This series, brought to you by Yahoo! Finance, looks at which upgrades and downgrades make sense, and which ones investors should act on. Today, our headlines feature new buy ratings for Plum Creek Timber (UNKNOWN:PCL.DL) and Toyota (NYSE:TM) -- and we'll get to both of those in a minute. But first, a few words on...
Apple's expectations miss
As you've no doubt heard by now, Apple (NASDAQ:AAPL) reported earnings last night, and investors are not pleased. iPhone sales missed targets, and Apple is promising to generate significantly less revenue this quarter than Wall Street had hoped. In response, the Street is rushing out downgrades, and Apple shares are falling like a rock.
I think that's a mistake.
So far, Oppenheimer and Raymond James have both downgraded the stock -- to perform and (curiously) outperform, respectively. Price targets have been cut at Jefferies, Goldman Sachs, Nomura, Needham, and ... need I go on?
And yet, when you look at the stock objectively, it's hard to avoid the conclusion that Apple is an astonishingly good value at today's post-sell-off pricing. Earnings and free cash flow are both down, true. Yet Apple still generated $45.1 billion in positive free cash flow over the past 12 months. That means the stock is now trading for just a hair more than 10 times free cash flow, even if you give the company no credit at all for its $23.6 billion in net cash on the balance sheet. The stock is incredibly cheap at analysts' consensus target of 15% annualized earnings growth for the next five years. And indeed, with a 2.2% dividend to its credit, Apple is probably "buyable" if growth is even half that rate.
I owned Apple before yesterday's "disappointment" -- and I'll probably buy more as soon as the Motley Fool's disclosure policy permits.
Pumping Plum Creek
Turning now from a company that missed expectations yesterday to one that beat them -- and is getting rewarded for its victory -- we find tree harvester Plum Creek Timber winning an upgrade to buy from DA Davidson. Plum Creek reported $0.31 per share in fourth-quarter profit Monday, versus analysts' expected $0.29. Revenue also exceeded expectations, while the current year's guidance calls for earnings not too far off from expectations -- $1.30-$1.50 per share.
All of this adds up to a target price of $50 in Davidson's book, or about a 14% profit from today's prices on Plum Creek shares. Add a 4.1% dividend to that, and today's buyers could be looking at a very tidy profit a year from now.
Looking at Plum Creek's stock today, I can't get around the fact that despite generating significantly more cash profit from its business than it reports as net income, Plum Creek nevertheless sells for an enterprise value 41 times its free cash flow, with a projected 3% growth rate. Even admitting that free cash flow is a "lumpy" figure, ebbing and flowing over the years, Plum Creek's average rate of cash production over the past five years was still only $313 million. At today's prices, that still yields an enterprise value of 33 times its average annual cash production -- which seems far too much to pay for 3% growth, even with the 4.1% dividend.

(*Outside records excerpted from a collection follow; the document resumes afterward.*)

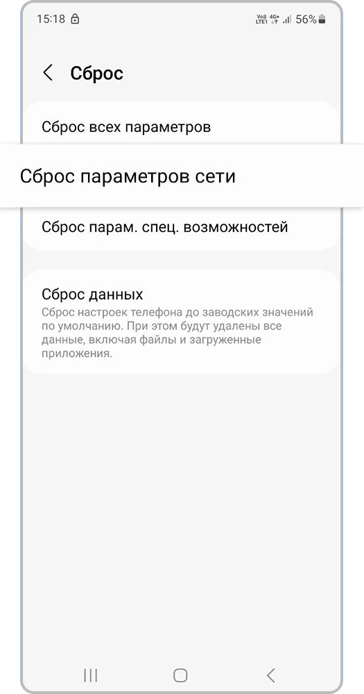 [После сброса параметров Wí-Fí~ / Blúé~tóót~h / Мобильных данных добавленные устройства и сети будут удалены. Поэтому потребуется повторное подключение устройств. Личная информация на смартфоне Sám~súñg~ Gálá~xý не удаляется.]
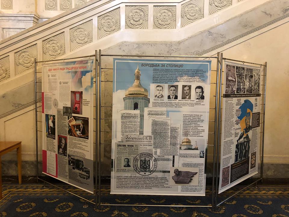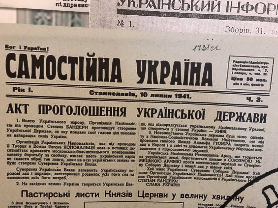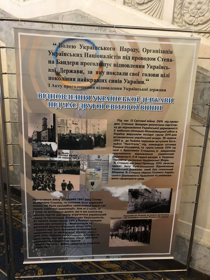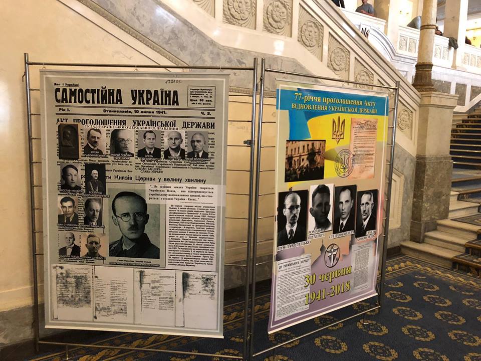Экспозиция называется "Восстановление украинской государственности во время Второй Мировой войны" и посвящена 77-летию провозглашения Акта восстановления украинского государства 30 июня 1941 года. Его объявили сторонники бандеровского крыла в ОУН. Будущее украинское государство ими виделось как союзник нацистской Германии. О чем, собственно, прямо написано в самом Акте: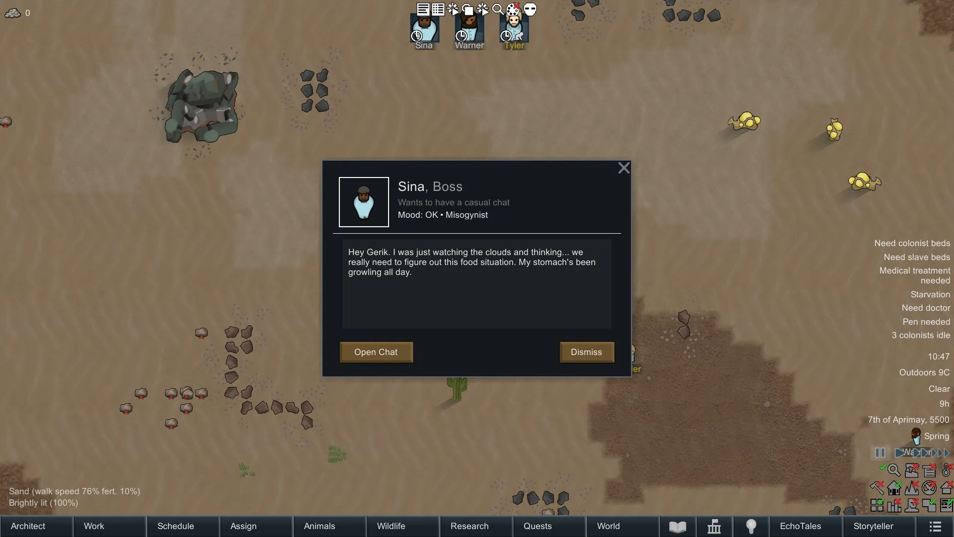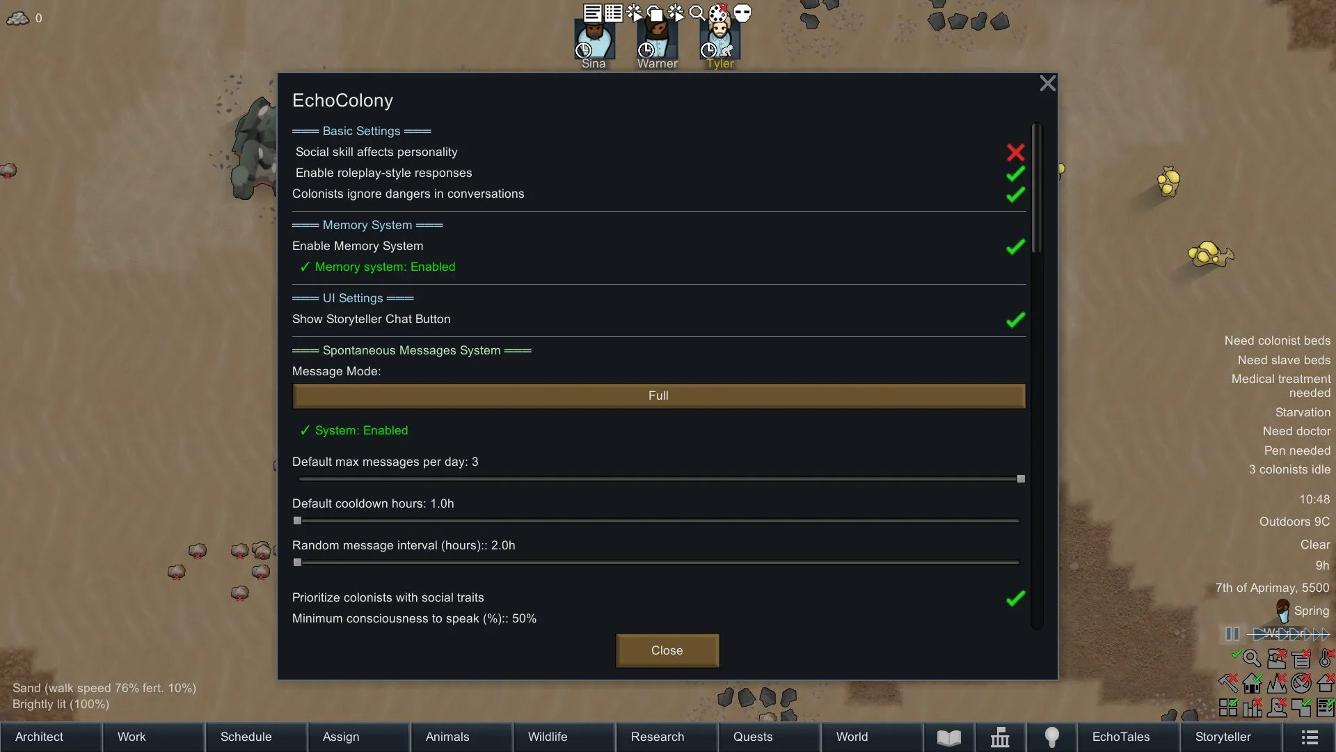 EchoColony connects dialogue with the actual in-game state of your pawns, making conversations part of the simulation itself, not just text on a screen.

In short, while it's certainly possible that Davidson is right and Plum Creek shares are bound to rise, I would not bet on that.
Revving up Toyota
Finally, we come to Toyota. Yesterday, we learned that U.S. safety regulators are looking into complaints about faulty brakes in Toyota Camry gas-electric hybrid cars, a potential disaster for the company's booming hybrids business. Given this news, now seems like an unlikely time for analysts to upgrade the stock. Yet UBS today bumped Toyota up to buy.
Then again, maybe UBS is right to be optimistic. Priced at just 10.4 times earnings today, Toyota stock actually sells for a lower P/E ratio than do Ford, GM, and Honda. Yet the 34% projected annual growth rate in Toyota earnings is faster than any of its rivals can boast. True, free cash flow at Toyota is no great shakes -- only $7.5 billion for the past year, versus reported income of $14.4 billion. But even so, that works out to a price-to-free cash flow ratio of 25, which is still comfortably below the projected growth rate.
With a respectable 2.1% dividend yield, cheap share price, and strong anticipated growth, Toyota stock may well turn out to be every bit the buy that UBS says it is.